## PROBLEM TO SOLVE
When you copy the entries, omit the images and keep every word as it is.

(Dataset items)
━━━━━━━━━━━━━━━━━━━━

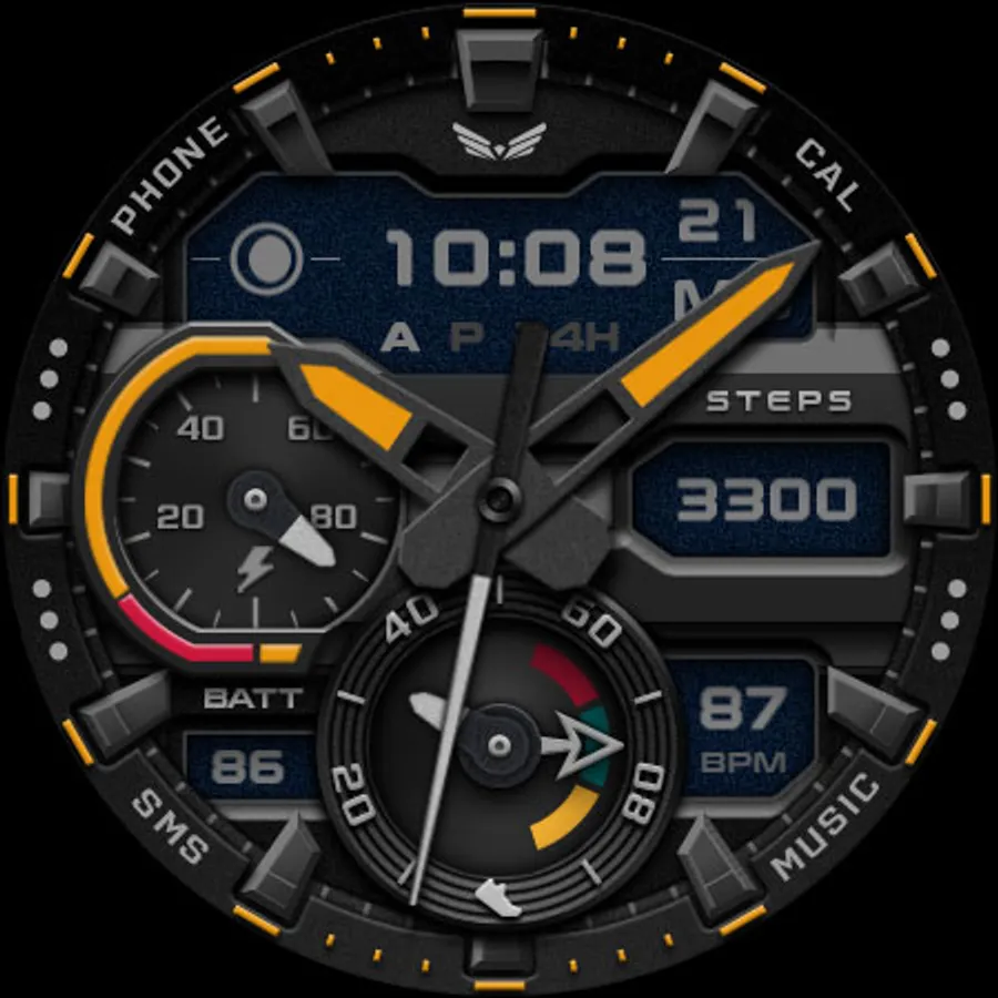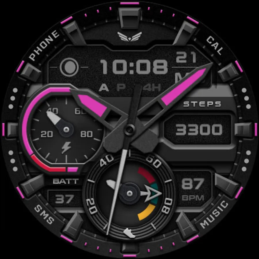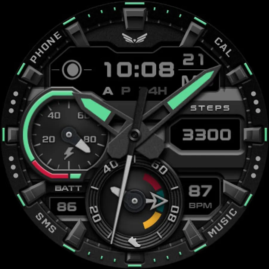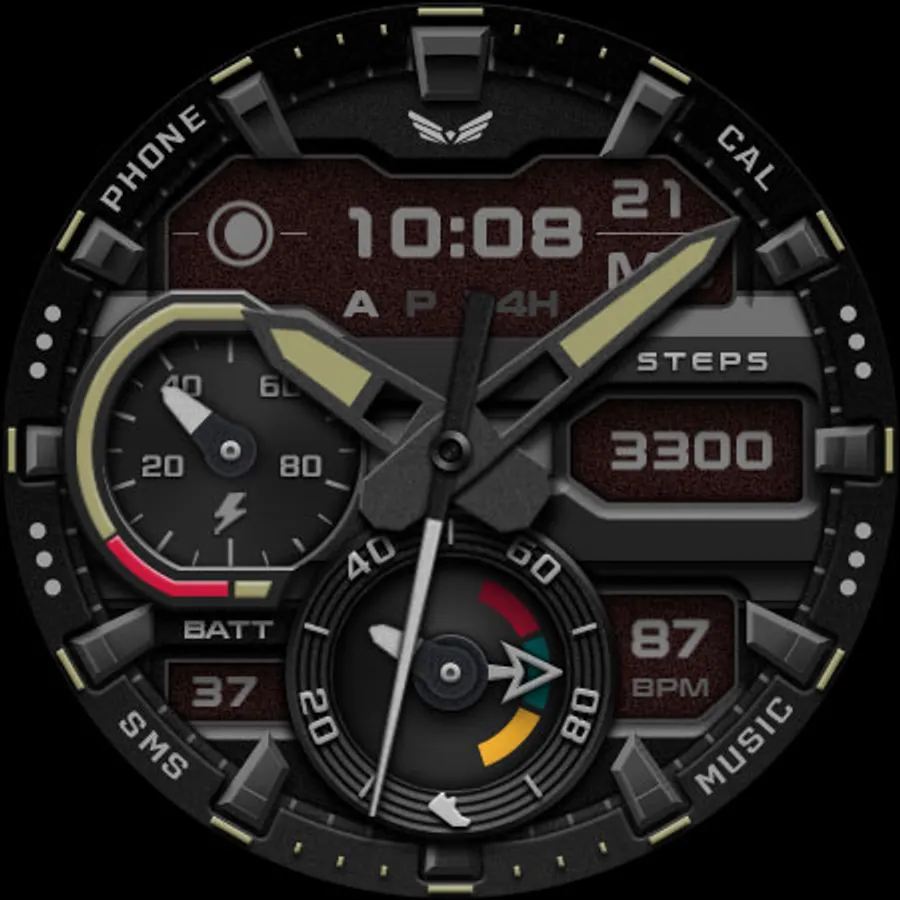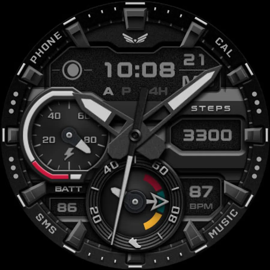 BALLOZI STEALTH FORTO is a modern, stealthy, military, sporty and masculine hybrid watch face for Wear OS. It is the stealth version of Ballozi Forto with dark LCD and gray data.
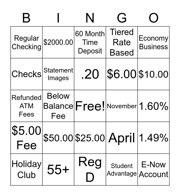This bingo card has a free space and 24 words: $50.00, 55+, .20, Holiday Club, Economy Business, Regular Checking, Checks, $2000.00, November, $25.00, $6.00, Refunded ATM Fees, April, 1.49%, Statement Images, Student Advantage, 1.60%, 60 Month Time Deposit, $10.00, Below Balance Fee, E-Now Account, $5.00 Fee, Tiered Rate Based and Reg D.
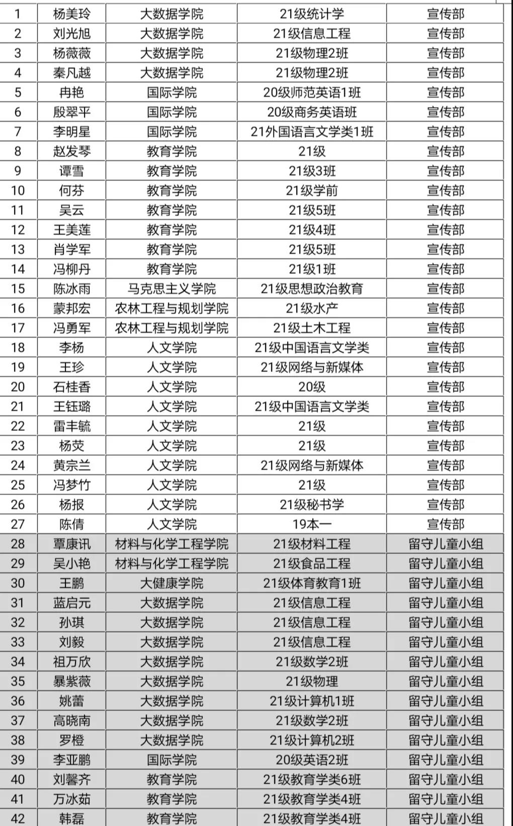 青春如歌,且听风吟。2021年9月14至15日beat365青年志愿者服务大队于丹桂食堂一楼广场开展了如火如荼的招新活动。活动前期,志愿者们通过线上宣传、线下制作海报及走访宣传等渠道向初来咋到的小萌新们详细介绍了校青队。 (志愿者积极展开宣传工作) 招新活动结束后,青年志愿者服务大队于2021年9月20日-9月21日在明理楼A101、102、103、104、105、106等教室积极展开面试工作,本次面试的部门及小组分别是宣传部、生态环保小组、留守儿童小组、支教助学小组、文化艺术建设小组、基层服务小组。为了面试工作的顺利进行,各负责人提前到达面试点,将工作准备就绪,迎接与新生们的面对面交流。 (新生面试现场) 经过紧张的面试, 新一届志愿者公示名单已经新鲜出炉~ 恭喜通过面试的同学, 接下来的日子我们要一起并肩作战啦 没有通过面试的同学也不要气馁, 我们还有很多机会再遇见噢 让我们携手志愿,一路“铜”行吧! beat365英国官方网站青年志愿者服务大队纳新人员名单如下 各部门纳新人数:205人 宣传部:27人 留守儿童小组:38人 支教助学小组:34人 生态环保小组:35人 文化艺术建设小组:35人 基层服务小组:35人
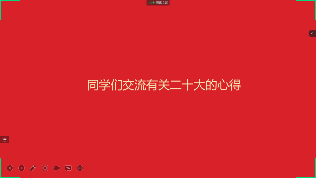 随后,同学们交流有关党的二十大的心得。团支书彭媛媛同学对发言进行了总结。
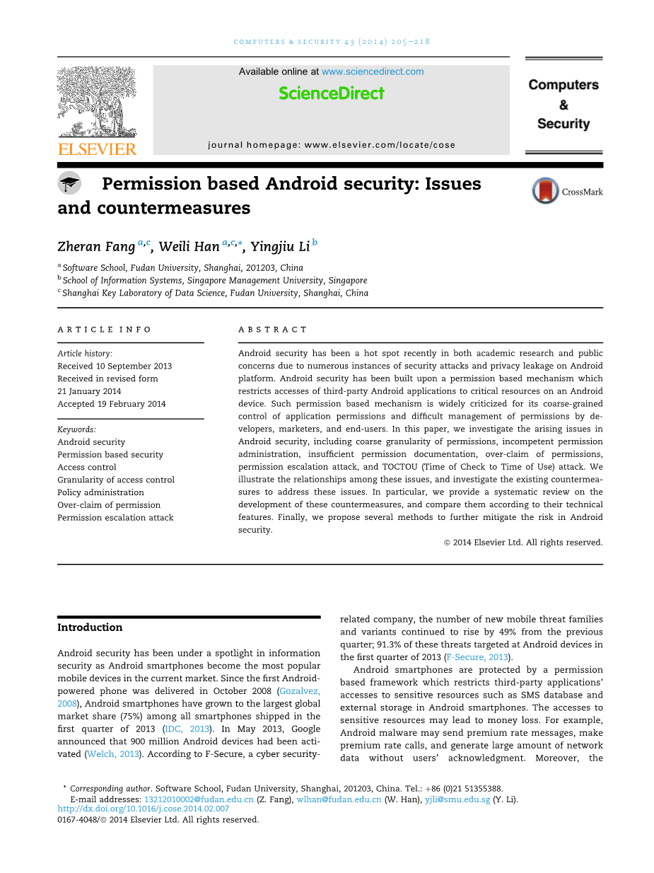 由于在安卓平台上大量的安全攻击和隐私泄漏,安卓系统的安全一直是学术研究和公众关注的热点。安卓安全性建立在一个在安卓设备上限制第三方安卓应用程序对安卓系统的关键资源的访问的权限机制。这些权限机制由于它的应用权限的不好控制和开发者,市场营销热源和终端用户的权限难以管理而被广泛批评。在本文中,我们调查了安卓系统安全所产生的问题,包括权限的粗粒度,不合适的权限管理,权限不足的文件,超过要求的权限,权限升级攻击和TOCTOU(检查时间使用的时间)攻击。我们阐述了这些问题之间的关系,并且研究了解决这些问题存在的措施。特别地,我们提供了对这些对策应用的一个系统的审查,并比较它们之间的技术特征。最后,我们提出了几种方法,以进一步减轻安卓系统化安全的风险。
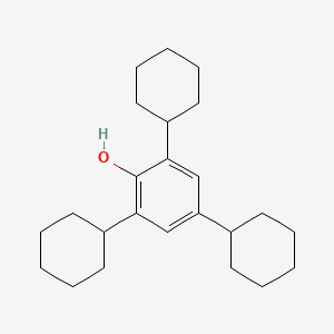 The molecular structure of 2,4,6-tricyclohexylphenol consists of a phenolic group substituted with three cyclohexyl groups at the 2, 4, and 6 positions. This arrangement enhances its hydrophobic characteristics and influences its reactivity in various chemical processes.
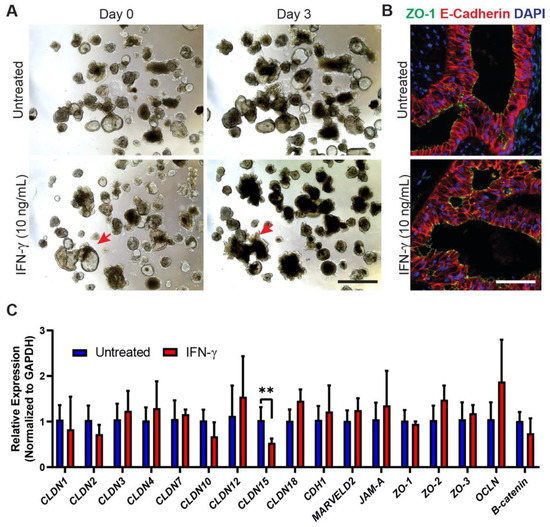 HIOs were grown for 70 days under standard culture conditions and subsequently incubated with 10 ng/mL IFN-γ for 3 and 6 days. After exposure to IFN-γ for 3 days, organoids appeared smaller and darker (Figure 2A) with the collapse of some cystic-like organoids into more convoluted structures (Figure 2A, red arrowheads) that was not apparent in untreated controls. It has previously been reported that IFN-γ can affect intestinal permeability by altering the expression or eliciting the mislocalization of tight junctions and adherens junctions in intestinal epithelial cell lines [18,19]. Upon examination, we found no mislocalization of the tight junction protein ZO-1 or the adherens junction protein E-Cadherin in IFN-γ-treated HIOs, which appeared indistinguishable from untreated controls at the microscopic level using these markers (Figure 2B). We next analyzed by quantitative PCR (qPCR) the expression levels of a suite of genes encoding various junctional proteins to determine if any changes occurred at the transcriptional level in response to IFN-γ treatment. With the exception of a decrease in CLDN15 expression, we found no significant difference in gene expression levels between IFN-γ-treated and untreated HIOs (Figure 2C).

━━━━━━━━━━━━━━━━━━━━

## RESULT FOR THIS EXERCISE
 BALLOZI STEALTH FORTO is a modern, stealthy, military, sporty and masculine hybrid watch face for Wear OS. It is the stealth version of Ballozi Forto with dark LCD and gray data.
This bingo card has a free space and 24 words: $50.00, 55+, .20, Holiday Club, Economy Business, Regular Checking, Checks, $2000.00, November, $25.00, $6.00, Refunded ATM Fees, April, 1.49%, Statement Images, Student Advantage, 1.60%, 60 Month Time Deposit, $10.00, Below Balance Fee, E-Now Account, $5.00 Fee, Tiered Rate Based and Reg D.
 青春如歌,且听风吟。2021年9月14至15日beat365青年志愿者服务大队于丹桂食堂一楼广场开展了如火如荼的招新活动。活动前期,志愿者们通过线上宣传、线下制作海报及走访宣传等渠道向初来咋到的小萌新们详细介绍了校青队。 (志愿者积极展开宣传工作) 招新活动结束后,青年志愿者服务大队于2021年9月20日-9月21日在明理楼A101、102、103、104、105、106等教室积极展开面试工作,本次面试的部门及小组分别是宣传部、生态环保小组、留守儿童小组、支教助学小组、文化艺术建设小组、基层服务小组。为了面试工作的顺利进行,各负责人提前到达面试点,将工作准备就绪,迎接与新生们的面对面交流。 (新生面试现场) 经过紧张的面试, 新一届志愿者公示名单已经新鲜出炉~ 恭喜通过面试的同学, 接下来的日子我们要一起并肩作战啦 没有通过面试的同学也不要气馁, 我们还有很多机会再遇见噢 让我们携手志愿,一路“铜”行吧! beat365英国官方网站青年志愿者服务大队纳新人员名单如下 各部门纳新人数:205人 宣传部:27人 留守儿童小组:38人 支教助学小组:34人 生态环保小组:35人 文化艺术建设小组:35人 基层服务小组:35人
 随后,同学们交流有关党的二十大的心得。团支书彭媛媛同学对发言进行了总结。
 由于在安卓平台上大量的安全攻击和隐私泄漏,安卓系统的安全一直是学术研究和公众关注的热点。安卓安全性建立在一个在安卓设备上限制第三方安卓应用程序对安卓系统的关键资源的访问的权限机制。这些权限机制由于它的应用权限的不好控制和开发者,市场营销热源和终端用户的权限难以管理而被广泛批评。在本文中,我们调查了安卓系统安全所产生的问题,包括权限的粗粒度,不合适的权限管理,权限不足的文件,超过要求的权限,权限升级攻击和TOCTOU(检查时间使用的时间)攻击。我们阐述了这些问题之间的关系,并且研究了解决这些问题存在的措施。特别地,我们提供了对这些对策应用的一个系统的审查,并比较它们之间的技术特征。最后,我们提出了几种方法,以进一步减轻安卓系统化安全的风险。
 The molecular structure of 2,4,6-tricyclohexylphenol consists of a phenolic group substituted with three cyclohexyl groups at the 2, 4, and 6 positions. This arrangement enhances its hydrophobic characteristics and influences its reactivity in various chemical processes.
 HIOs were grown for 70 days under standard culture conditions and subsequently incubated with 10 ng/mL IFN-γ for 3 and 6 days. After exposure to IFN-γ for 3 days, organoids appeared smaller and darker (Figure 2A) with the collapse of some cystic-like organoids into more convoluted structures (Figure 2A, red arrowheads) that was not apparent in untreated controls. It has previously been reported that IFN-γ can affect intestinal permeability by altering the expression or eliciting the mislocalization of tight junctions and adherens junctions in intestinal epithelial cell lines [18,19]. Upon examination, we found no mislocalization of the tight junction protein ZO-1 or the adherens junction protein E-Cadherin in IFN-γ-treated HIOs, which appeared indistinguishable from untreated controls at the microscopic level using these markers (Figure 2B). We next analyzed by quantitative PCR (qPCR) the expression levels of a suite of genes encoding various junctional proteins to determine if any changes occurred at the transcriptional level in response to IFN-γ treatment. With the exception of a decrease in CLDN15 expression, we found no significant difference in gene expression levels between IFN-γ-treated and untreated HIOs (Figure 2C).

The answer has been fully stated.